- [Problem details]:
What are the lines from the top of the entries below through the line containing "효율성, 유휴 비용 |"? Return them exactly, both ends included, without the pictures.

Collected data entries:
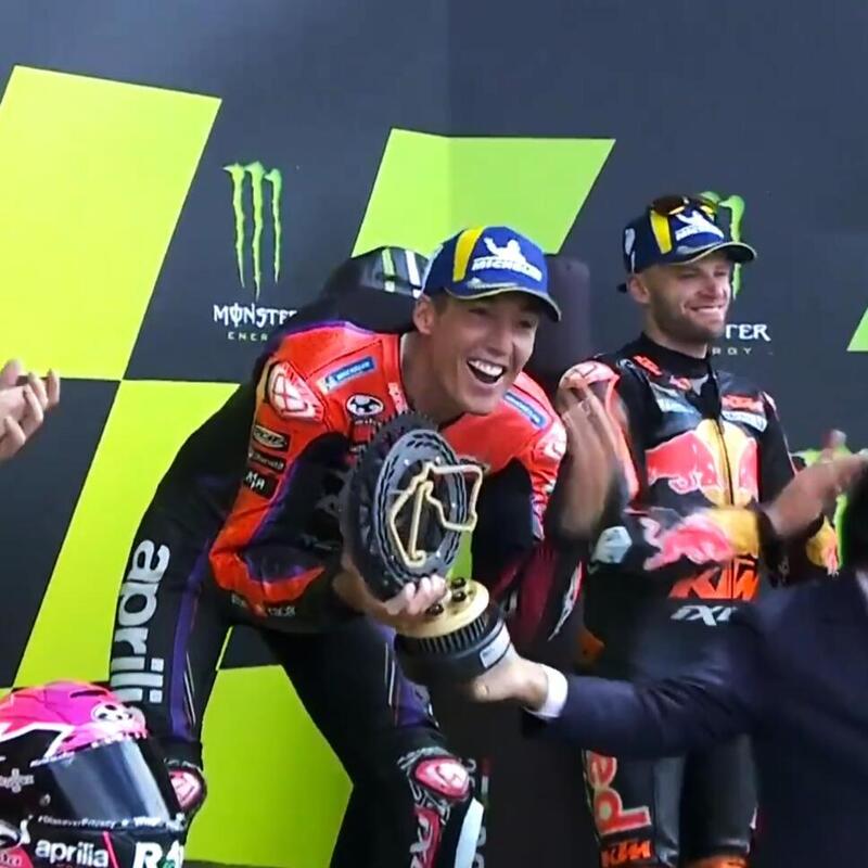 Silverstone - Una gioia diversa rispetto ad Argentina 2022: allora era stata incontenibile, perché la prima della carriera, la prima per l’Aprilia in MotoGP, dopo anni difficilissimi. Questa è più contenuta, meno esplosiva, più ragionata, ma comunque immensa.
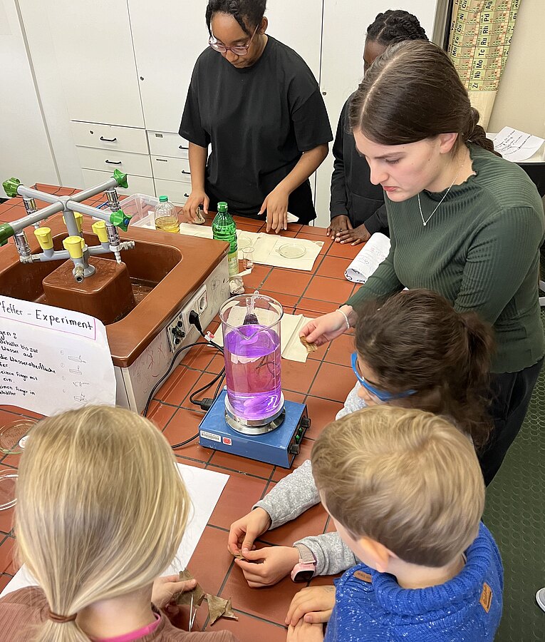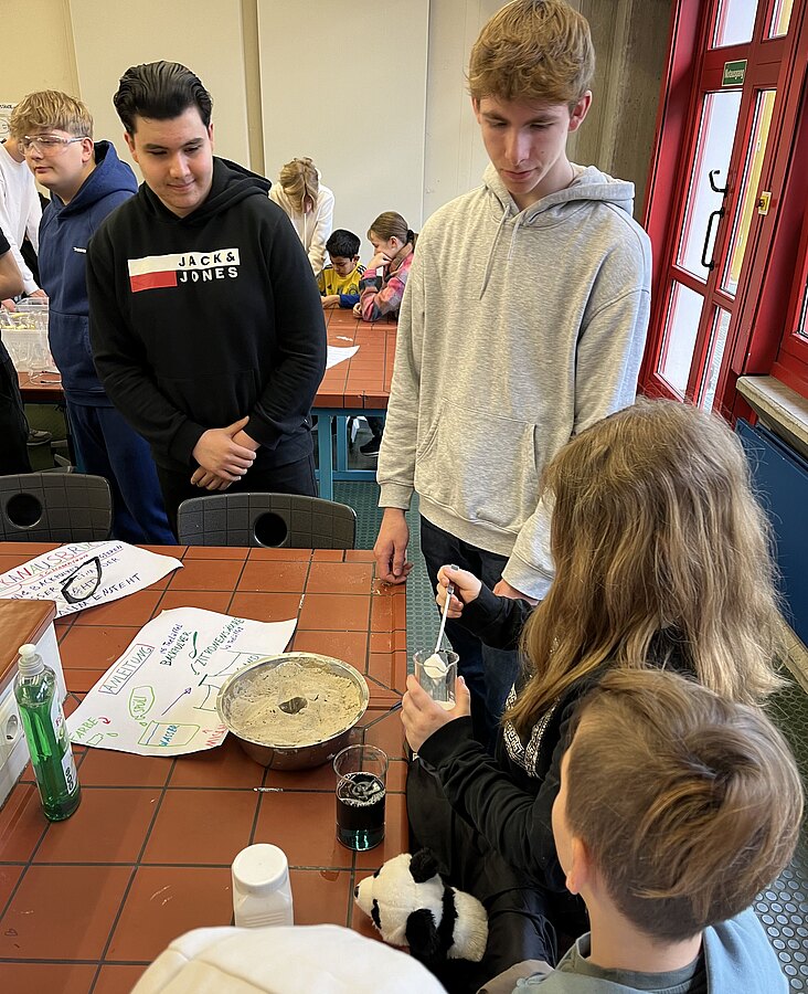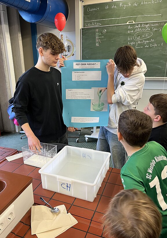 Dort wurden dann die selbst erarbeiteten Versuche der 10er-Schüler*innen im Chemie-Experimentalraum vorgestellt und auch erklärt. Leuchtende Augen bekamen die Grundschüler*innen bei den „coolen“ Experimenten zum „Feuerlöscher“ und zum „Vulkan“. Aber auch die anderen Versuche brachten die Grundschüler*innen zum Staunen und zum Nachdenken! - Letzteres insbesondere bei dem Versuch, der die Frage aufwarf: „Wie kann ein Stoff fest u n d flüssig sein?“
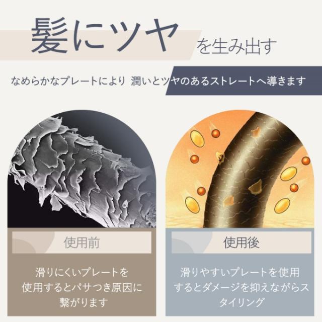 ・セラミック加工のプレートで、髪の水分を適度に保ち、枝毛や切れ毛を軽減。
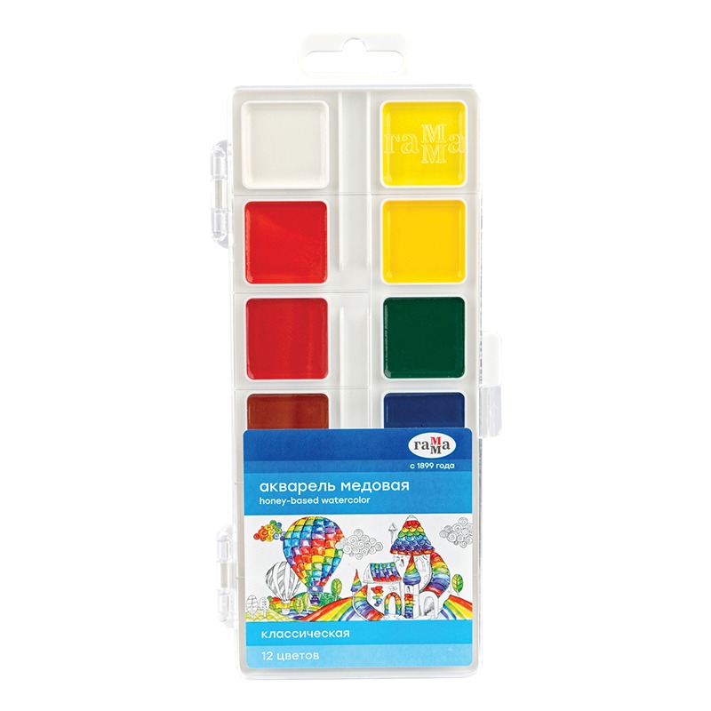 Акварель Гамма "Классическая", медовая, 12 цветов, без кисти, пластик. упак., европодвес
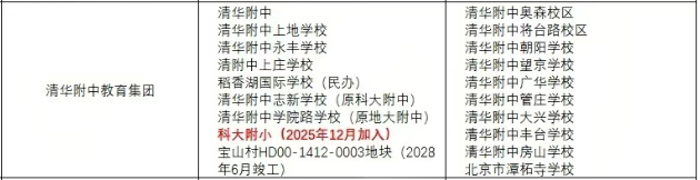 清华附中教育集团近几年扩军消息不断,早在1月初,北京科技大学附属小学正式加入清华附中教育集团,除外去年年底也有消息:清华附中承办宝山村九年一贯制学校。项目预计2026年10月开工,2028年6月竣工,清华大学附属中学参与建设设计。
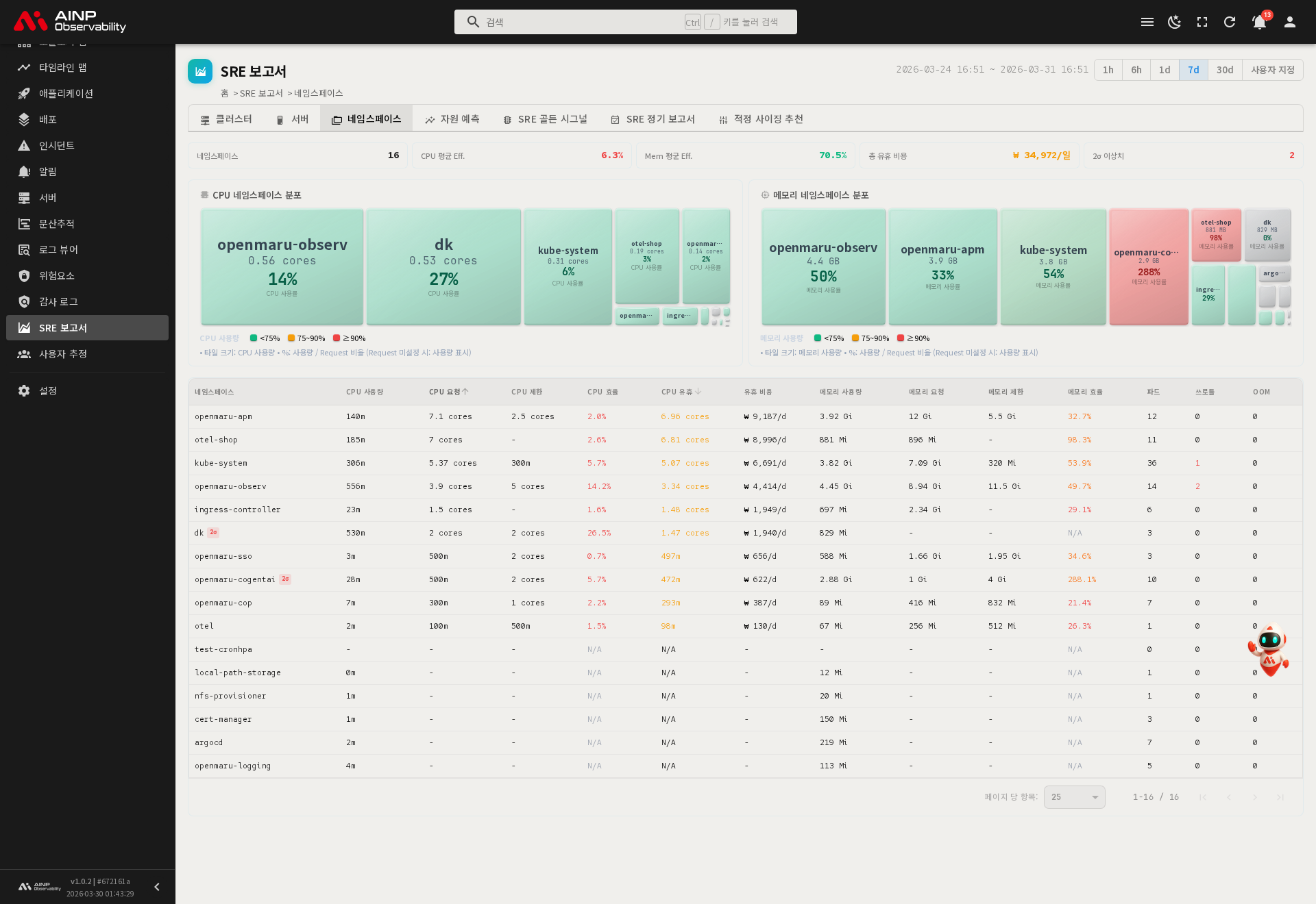 | 네임스페이스 | 네임스페이스별 자원 분포, 효율성, 유휴 비용 |
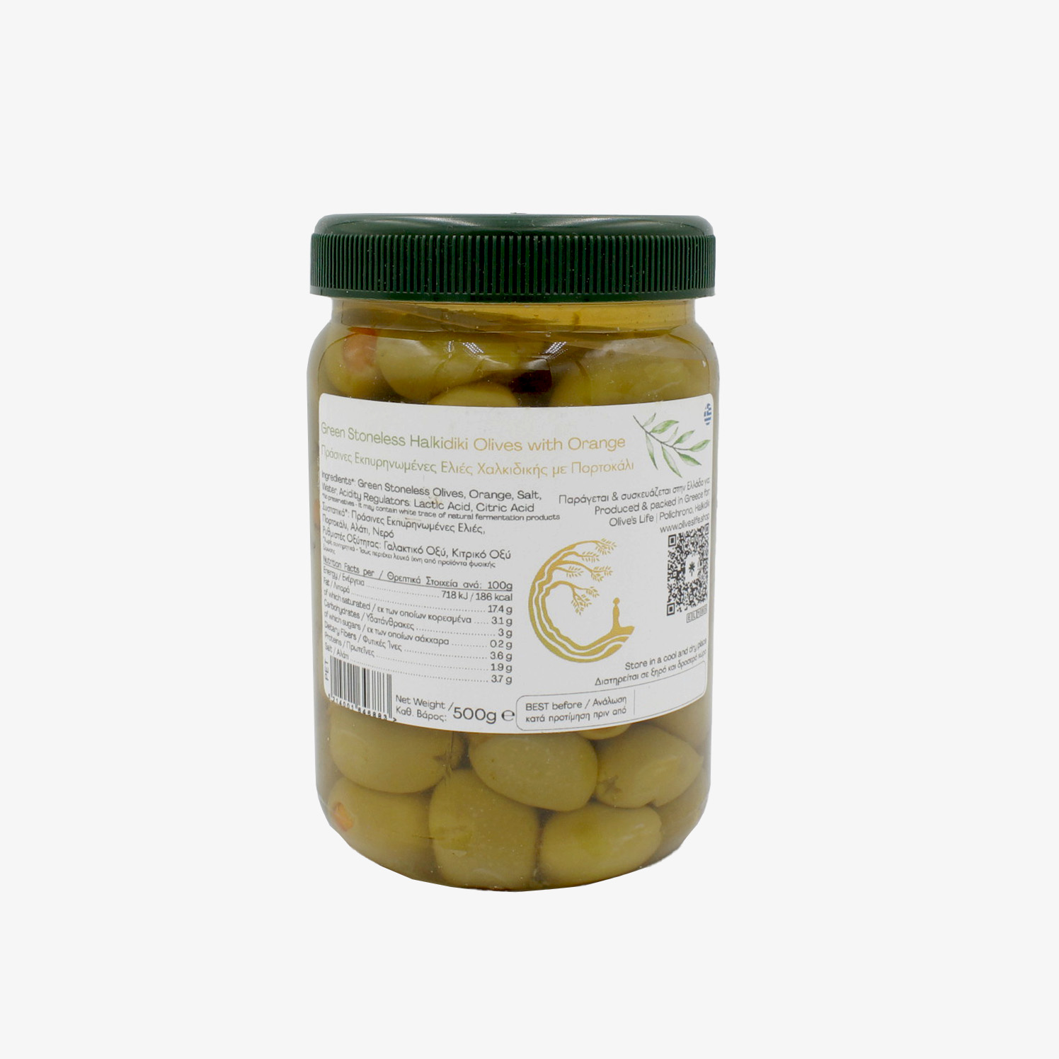 Ingredients: Halkidiki Green Olives, Orange, Salt, Citric & Lactic Acid, Water*.
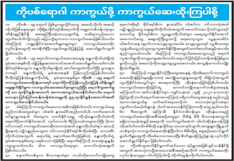 အကောက်ခွန်ဦးစီးဌာနအနေဖြင့် ကိုဗစ်-၁၉ ရောဂါ ကာကွယ်၊ ထိန်းချုပ် ကုသရေးပစ္စည်းများအား လေကြောင်း၊ ဆိပ်ကမ်း၊ နယ်စပ်ဂိတ်အသီးသီး မှ ရုံးပိတ်ရက်ရှည်ကာလအတွင်းနေ့စဉ်ရုံးပိတ်ရက်မရှိ လွယ်ကူချောမွေ့ စွာ စစ်ဆေးထုတ်ပေးလျက်ရှိရာ ၂၆-၇-၂၀၂၁ ရက်တွင် ရန်ကုန်အပြည် ပြည်ဆိုင်ရာလေဆိပ်၌ ကုမ္ပဏီ ၈ဝ မှ Oxygen Generator / Oxygen Concentrator ၃၁၈၂ ခု၊ Oximeter ၂၃၅၅၇ ခု၊ Oxygen Regulator ၁၀၃၂ ၊ Thermometer ၁၀၂၀၊ Test Kit ၅၀၀၀၊ Remdesivir

- [Problem solution]:
 Silverstone - Una gioia diversa rispetto ad Argentina 2022: allora era stata incontenibile, perché la prima della carriera, la prima per l’Aprilia in MotoGP, dopo anni difficilissimi. Questa è più contenuta, meno esplosiva, più ragionata, ma comunque immensa.
 Dort wurden dann die selbst erarbeiteten Versuche der 10er-Schüler*innen im Chemie-Experimentalraum vorgestellt und auch erklärt. Leuchtende Augen bekamen die Grundschüler*innen bei den „coolen“ Experimenten zum „Feuerlöscher“ und zum „Vulkan“. Aber auch die anderen Versuche brachten die Grundschüler*innen zum Staunen und zum Nachdenken! - Letzteres insbesondere bei dem Versuch, der die Frage aufwarf: „Wie kann ein Stoff fest u n d flüssig sein?“
 ・セラミック加工のプレートで、髪の水分を適度に保ち、枝毛や切れ毛を軽減。
 Акварель Гамма "Классическая", медовая, 12 цветов, без кисти, пластик. упак., европодвес
 清华附中教育集团近几年扩军消息不断,早在1月初,北京科技大学附属小学正式加入清华附中教育集团,除外去年年底也有消息:清华附中承办宝山村九年一贯制学校。项目预计2026年10月开工,2028年6月竣工,清华大学附属中学参与建设设计。
 | 네임스페이스 | 네임스페이스별 자원 분포, 효율성, 유휴 비용 |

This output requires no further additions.